■ **Problem requirements**
Take the line that holds "Una persona ha" and every line after it to the end of the entries, and repeat them exactly without the pictures.

■ **Supplied data**
- - - - - - -
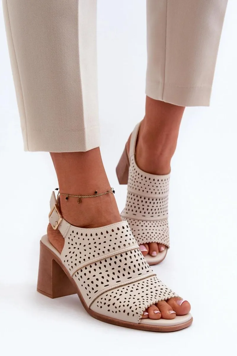 Sandały damskie ażurowe z eko skóry to idealny wybór na letnie dni. Obcas w formie słupka. Zapinane na regulowany pasek ze sprzączką. Doskonale będą pasować zarówno do sukienek, jak i spodni, dodając uroku każdej letniej stylizacji. Przy wyborze rozmiaru prosimy sugerować się tabelą rozmiarów.
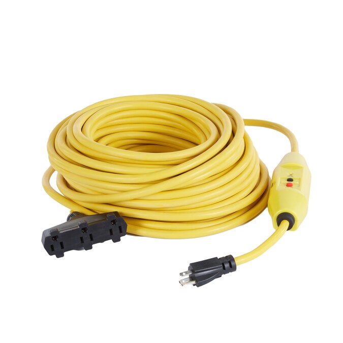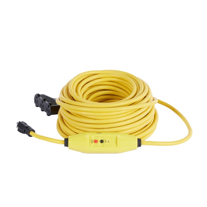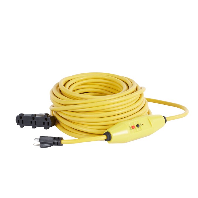Rainproof rated for indoor and outdoor use provides safety assurance for any electrically powered job. Construction and industrial grade. 100-ft – 12 gauge heavy duty cord. Triple tap 3 outlet female connector allows for multiple usage. GFCI safety assurance, OSHA compliant, highly visible “safety” yellow color. LED power on indicator. 15 amp, 125 volt rated.
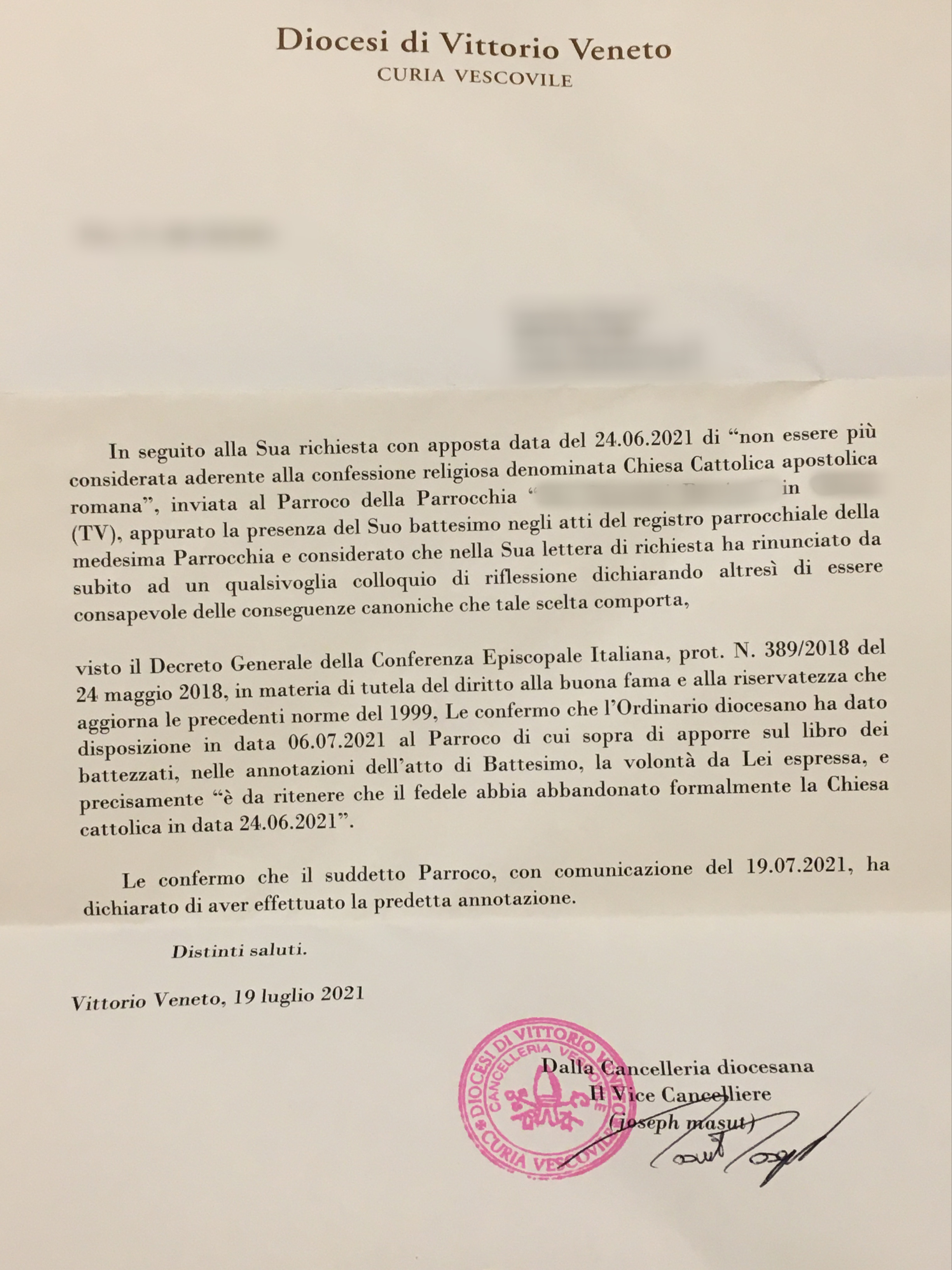 Una persona ha chiesto la rettifica dei dati relativi al proprio battesimo avvenuto a S. Giovanni Battista - ODERZO (TV) il 19/07/2021, dichiarando di non voler più far parte della Chiesa Cattolica.
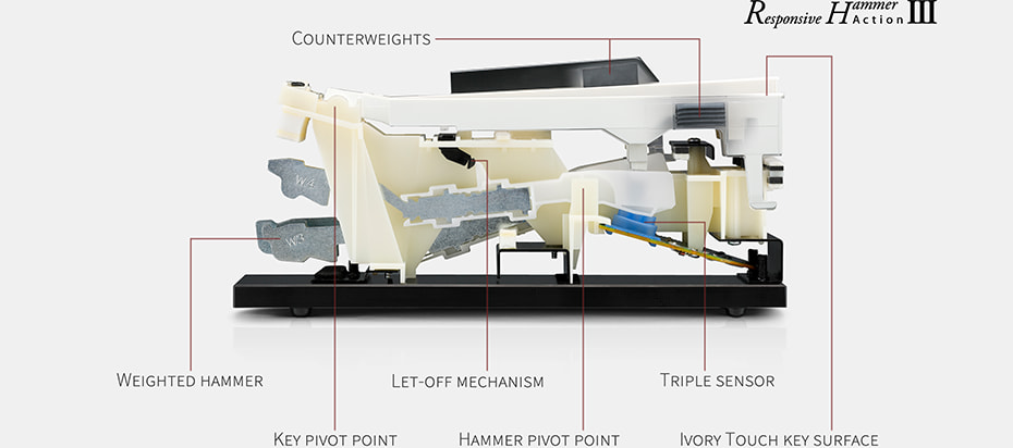 - 88 взвешенных клавиш в стандартном размере с клавиатурой Responsive Hammer III Action, имитирующей игру на акустическом рояле
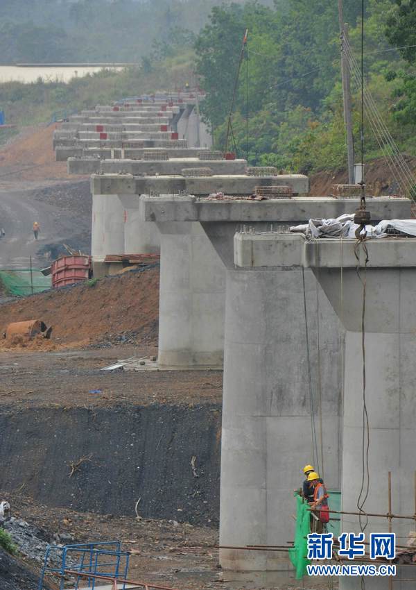 這是3月27日在老撾南塔省航拍的正在施工建設中的橋梁。新華網發 劉艾倫攝
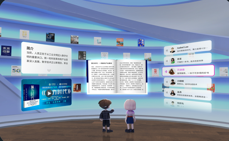 三是顺应内容阅读场景的历史性跨越。通过5G、XR、AI、跨屏互联等技术,打造连接文化场馆、生活空间的元宇宙书房,为用户提供超越线上线下场景的阅读服务,体验无所不至的阅读体验。目前已与杭州图书馆、凤凰出版集团、鼓浪屿、浙江文学馆、吉林人民出版社等合作推出定制化的元宇宙书房,有效拓展空间、延伸时间、融合体验、赋能场馆。
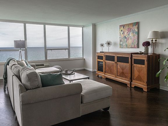 Condo living in Edgewater does not get any better than this! The backdrop of the main living space is a gradient of blue as the sky blends with the lake, visible from the expansive windows and enclosed balcony. East & West exposure combined with a split bedroom floor plan creates a refreshing cross-breeze. Kitchen w/eat-in area has black granite countertops. Master bedroom has a walk-in closet & marble en suite bath. Full hall bath has jacuzzi tub and newer vanity. Newly refinished hardwood floors in LR, DR & halls. Upcoming lobby renovation w/NO special assessment! Walk to everything location including Whole Foods, Red Line, #147 express bus to the Loop, Chicago Public Library, Loyola University, dog park & lakefront trail. Rooftop pool, workout, party room & 24 hour doorperson. Valet parking is $100/month and is included in the listed monthly assessment fee. All pets welcome.
- - - - - - -
■ **Output for this exercise**
 Una persona ha chiesto la rettifica dei dati relativi al proprio battesimo avvenuto a S. Giovanni Battista - ODERZO (TV) il 19/07/2021, dichiarando di non voler più far parte della Chiesa Cattolica.
 - 88 взвешенных клавиш в стандартном размере с клавиатурой Responsive Hammer III Action, имитирующей игру на акустическом рояле
 這是3月27日在老撾南塔省航拍的正在施工建設中的橋梁。新華網發 劉艾倫攝
 三是顺应内容阅读场景的历史性跨越。通过5G、XR、AI、跨屏互联等技术,打造连接文化场馆、生活空间的元宇宙书房,为用户提供超越线上线下场景的阅读服务,体验无所不至的阅读体验。目前已与杭州图书馆、凤凰出版集团、鼓浪屿、浙江文学馆、吉林人民出版社等合作推出定制化的元宇宙书房,有效拓展空间、延伸时间、融合体验、赋能场馆。
 Condo living in Edgewater does not get any better than this! The backdrop of the main living space is a gradient of blue as the sky blends with the lake, visible from the expansive windows and enclosed balcony. East & West exposure combined with a split bedroom floor plan creates a refreshing cross-breeze. Kitchen w/eat-in area has black granite countertops. Master bedroom has a walk-in closet & marble en suite bath. Full hall bath has jacuzzi tub and newer vanity. Newly refinished hardwood floors in LR, DR & halls. Upcoming lobby renovation w/NO special assessment! Walk to everything location including Whole Foods, Red Line, #147 express bus to the Loop, Chicago Public Library, Loyola University, dog park & lakefront trail. Rooftop pool, workout, party room & 24 hour doorperson. Valet parking is $100/month and is included in the listed monthly assessment fee. All pets welcome.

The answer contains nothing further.